Task description: Since the listing below shows pictures, leave them out and write out exactly the lines from the line with "Accuphase T-105 Accuphase" to the line with "Chipsie is a", both included, and no others.

Excerpted records:
= = = = = = =

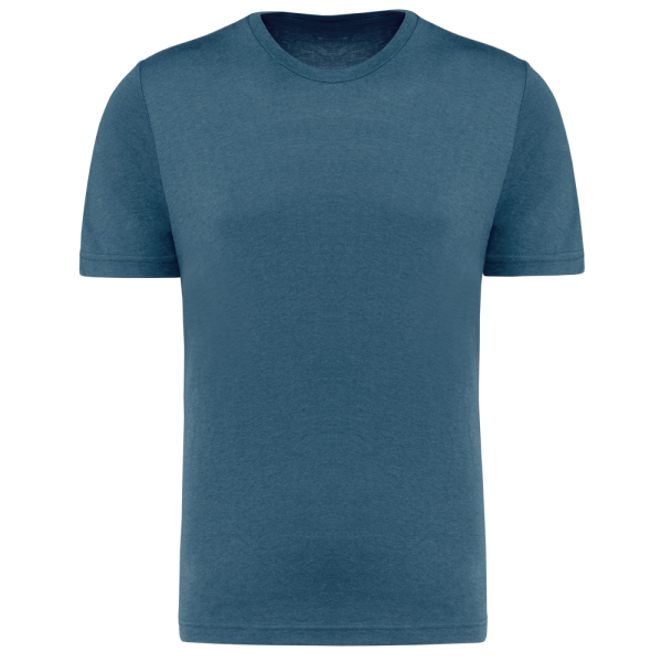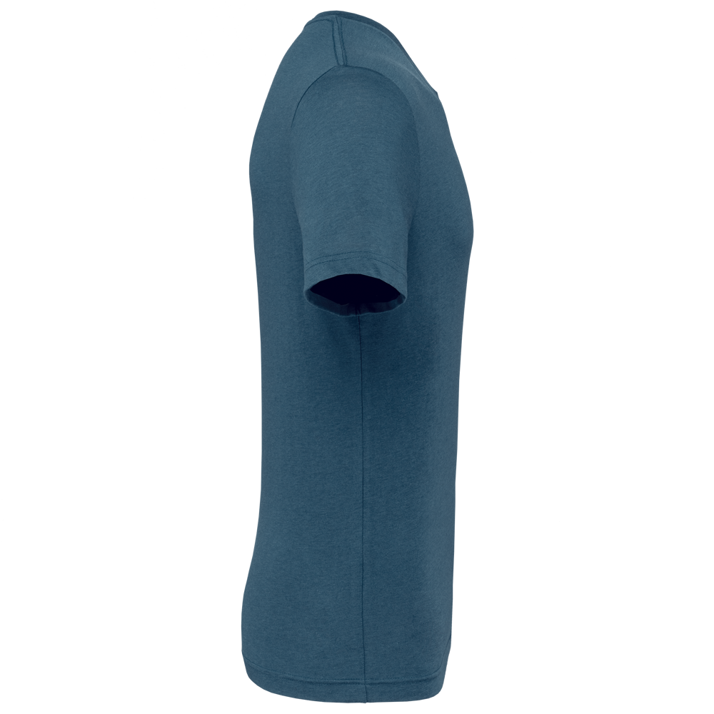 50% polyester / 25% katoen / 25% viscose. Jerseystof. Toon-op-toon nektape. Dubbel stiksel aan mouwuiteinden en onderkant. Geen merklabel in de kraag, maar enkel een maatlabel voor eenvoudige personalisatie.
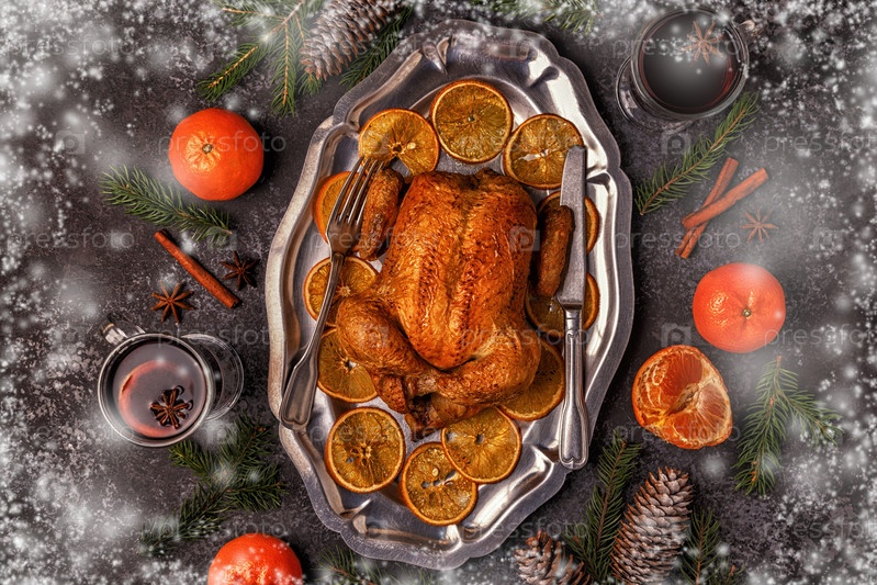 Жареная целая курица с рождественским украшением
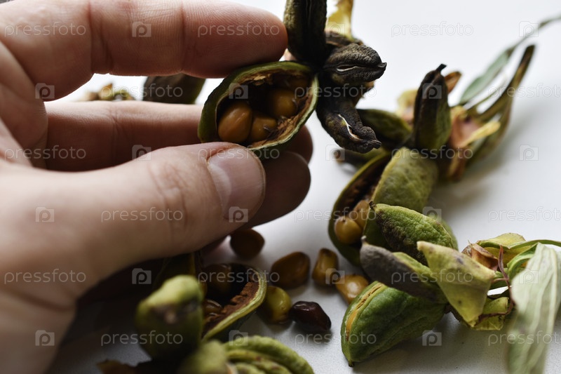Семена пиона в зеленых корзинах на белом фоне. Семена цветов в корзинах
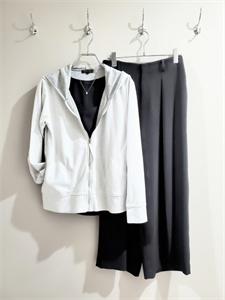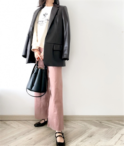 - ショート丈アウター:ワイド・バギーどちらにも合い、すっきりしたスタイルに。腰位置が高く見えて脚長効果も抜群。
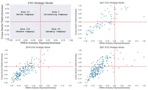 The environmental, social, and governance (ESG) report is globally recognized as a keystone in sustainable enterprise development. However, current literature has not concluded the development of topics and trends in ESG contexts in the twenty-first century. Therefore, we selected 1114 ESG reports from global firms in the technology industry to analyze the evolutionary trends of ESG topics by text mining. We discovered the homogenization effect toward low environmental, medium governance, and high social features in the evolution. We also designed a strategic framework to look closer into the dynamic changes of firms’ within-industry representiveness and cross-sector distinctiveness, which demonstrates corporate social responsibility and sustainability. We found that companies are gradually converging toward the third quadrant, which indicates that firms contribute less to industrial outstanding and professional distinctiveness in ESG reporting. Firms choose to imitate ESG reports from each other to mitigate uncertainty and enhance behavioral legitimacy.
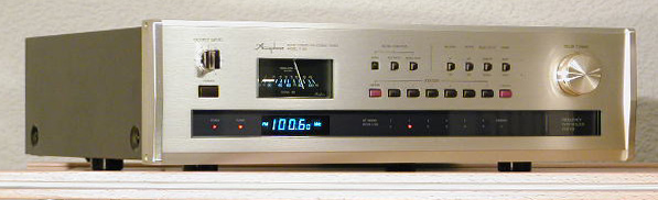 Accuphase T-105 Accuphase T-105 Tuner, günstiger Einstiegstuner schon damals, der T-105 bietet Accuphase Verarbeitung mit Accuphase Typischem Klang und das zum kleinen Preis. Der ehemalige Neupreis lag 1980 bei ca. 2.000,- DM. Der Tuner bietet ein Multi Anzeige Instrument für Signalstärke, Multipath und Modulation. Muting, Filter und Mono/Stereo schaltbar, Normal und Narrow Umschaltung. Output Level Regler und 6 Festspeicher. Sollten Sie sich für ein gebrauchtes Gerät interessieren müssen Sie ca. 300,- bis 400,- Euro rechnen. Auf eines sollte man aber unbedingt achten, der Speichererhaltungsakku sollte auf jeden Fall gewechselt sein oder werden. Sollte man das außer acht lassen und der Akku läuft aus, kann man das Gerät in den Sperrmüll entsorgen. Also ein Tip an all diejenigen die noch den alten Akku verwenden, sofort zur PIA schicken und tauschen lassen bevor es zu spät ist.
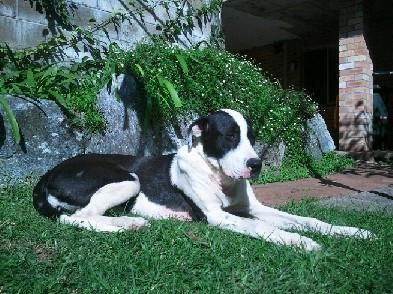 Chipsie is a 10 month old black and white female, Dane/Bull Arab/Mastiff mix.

= = = = = = =

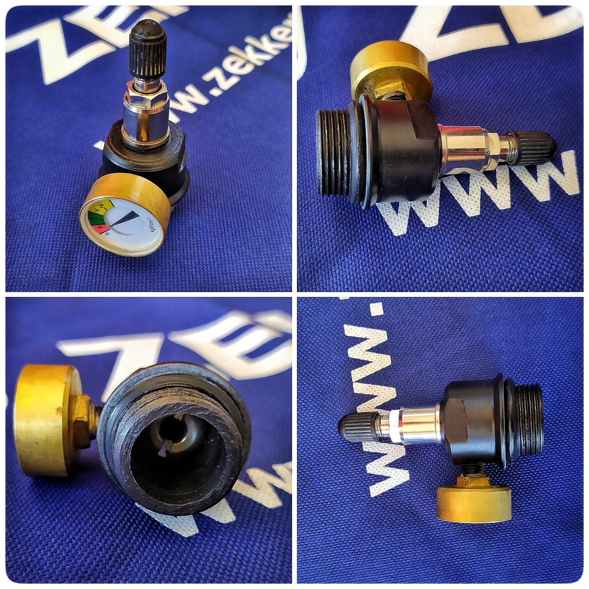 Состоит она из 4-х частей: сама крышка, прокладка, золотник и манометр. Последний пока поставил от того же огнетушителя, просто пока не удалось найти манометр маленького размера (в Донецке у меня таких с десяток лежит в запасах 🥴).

= = = = = = =

The answer:
 Accuphase T-105 Accuphase T-105 Tuner, günstiger Einstiegstuner schon damals, der T-105 bietet Accuphase Verarbeitung mit Accuphase Typischem Klang und das zum kleinen Preis. Der ehemalige Neupreis lag 1980 bei ca. 2.000,- DM. Der Tuner bietet ein Multi Anzeige Instrument für Signalstärke, Multipath und Modulation. Muting, Filter und Mono/Stereo schaltbar, Normal und Narrow Umschaltung. Output Level Regler und 6 Festspeicher. Sollten Sie sich für ein gebrauchtes Gerät interessieren müssen Sie ca. 300,- bis 400,- Euro rechnen. Auf eines sollte man aber unbedingt achten, der Speichererhaltungsakku sollte auf jeden Fall gewechselt sein oder werden. Sollte man das außer acht lassen und der Akku läuft aus, kann man das Gerät in den Sperrmüll entsorgen. Also ein Tip an all diejenigen die noch den alten Akku verwenden, sofort zur PIA schicken und tauschen lassen bevor es zu spät ist.
 Chipsie is a 10 month old black and white female, Dane/Bull Arab/Mastiff mix.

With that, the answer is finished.